Pregnancy: A Condition, Not A Dress Code
Jordan admits that her style has changed a bit since becoming pregnant, as she finds herself putting on some flip flops or sneakers when running around New York City. She acknowledges the safety precautions in keeping herself in flats most of the time but, she says “I’m hardly throwing my heels in the trash.”
In response to antagonistic remarks on her fashionable attire, Jordan rattled off this:
Safety is one thing of course you shouldn’t wear dangerous shoes that could cause you to fall and hurt your baby, which is why I wear flip-flops or sneakers around town and change into heels when I get wherever it is that I’m going. But to say that just because someone’s pregnant, or a mother, means that they should tone it down? Dress more ”mother-like”? Bullshit.

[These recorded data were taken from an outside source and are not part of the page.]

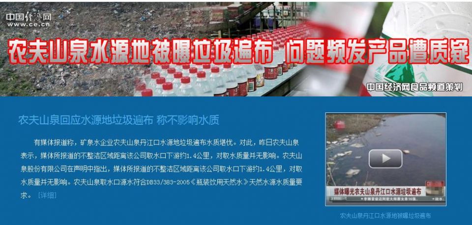 更早之前,农夫山泉取水点周边水域疑似严重污染的消息也被传的沸沸扬扬。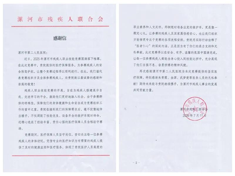 近日,市二院收到一封來自市殘聯(lián)發(fā)來的感謝信。信中高度贊譽醫(yī)院在2025年全市殘疾人職業(yè)技能競賽期間提供的全方位醫(yī)療保障服務(wù),稱其“用實際行動詮釋醫(yī)者仁心,為賽事筑起堅實的安全防線。”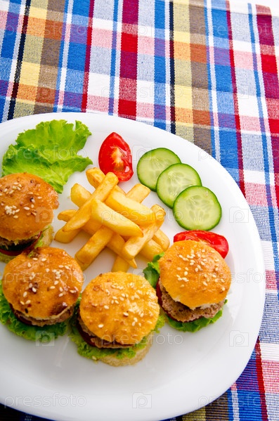 Гамбургеры с картофелем фри на тарелке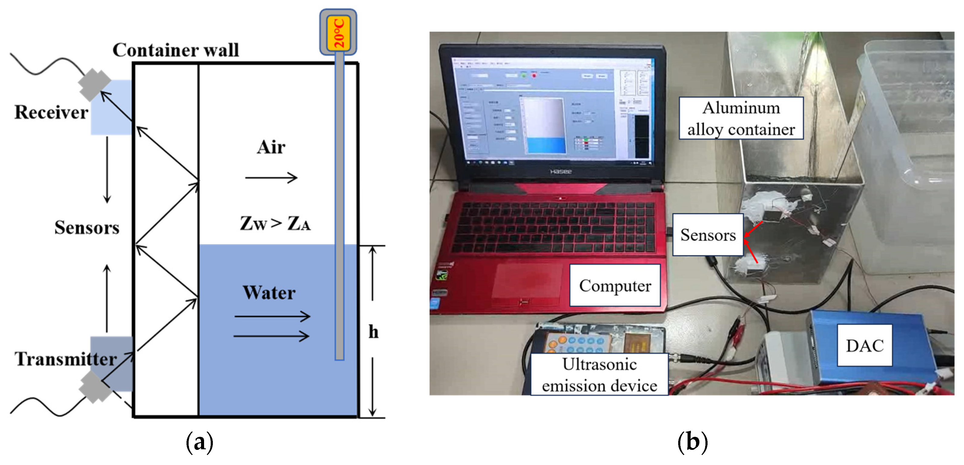 - Zhang, B.; Wei, Y.J.; Liu, W.Y.; Zhang, Y.-J.; Yao, Z.; Zhao, L.-H.; Xiong, J.-J. A liquid level measurement technique outside a sealed metal container based on ultrasonic impedance and echo energy. Sensors 2017, 17, 185. [Google Scholar] [CrossRef] [PubMed]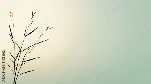 © WALI, Obraz premium Tall blades of grass swaying in the wind against a soft, blurred background of sky and water. Concept of nature, tranquility, and peace.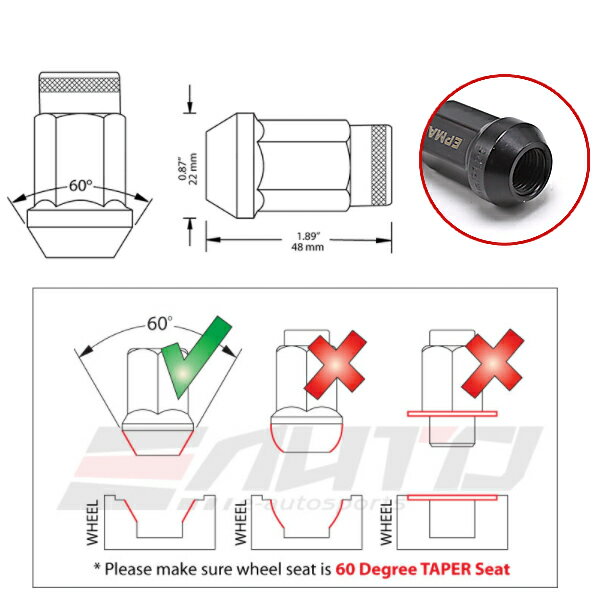 ■貫通スチールロングナット ■カラー:マットブラック ■セット内容:24個+ソケット付属 ■直径:22mm ■L=48mm ■17HEX ■座面テーパー角:60度 【注意事項】 ★

I agree with Jordan in that motherhood proves to be realm in which women are inundated with all kinds of “shoulds.” Men by the way often get off with just a cigar and a handshake. I don’t have to tell you mommies that from the moment pregnancy is announced, a woman practically has to beat away unsolicited advice. Efforts, much like what happened on Jordan’s blog, to control the dress of women seek to make motherhood a one-track road. Establishing a uniform to which all pregnant must culturally adhere to fails to recognize that motherhood and pregnancy is a different experience for all women. By upholding one way of dressing that is befitted for moms, women who seek to express their maternity in other perhaps more creative ways are slandered for not behaving as “proper” mothers. Comfort is individual and shouldn’t be determined in sweeping generalizations about what a pregnant woman should look like. Ironically, it seems that the only people made uncomfortable by Jordan’s hot pants are the people not wearing them.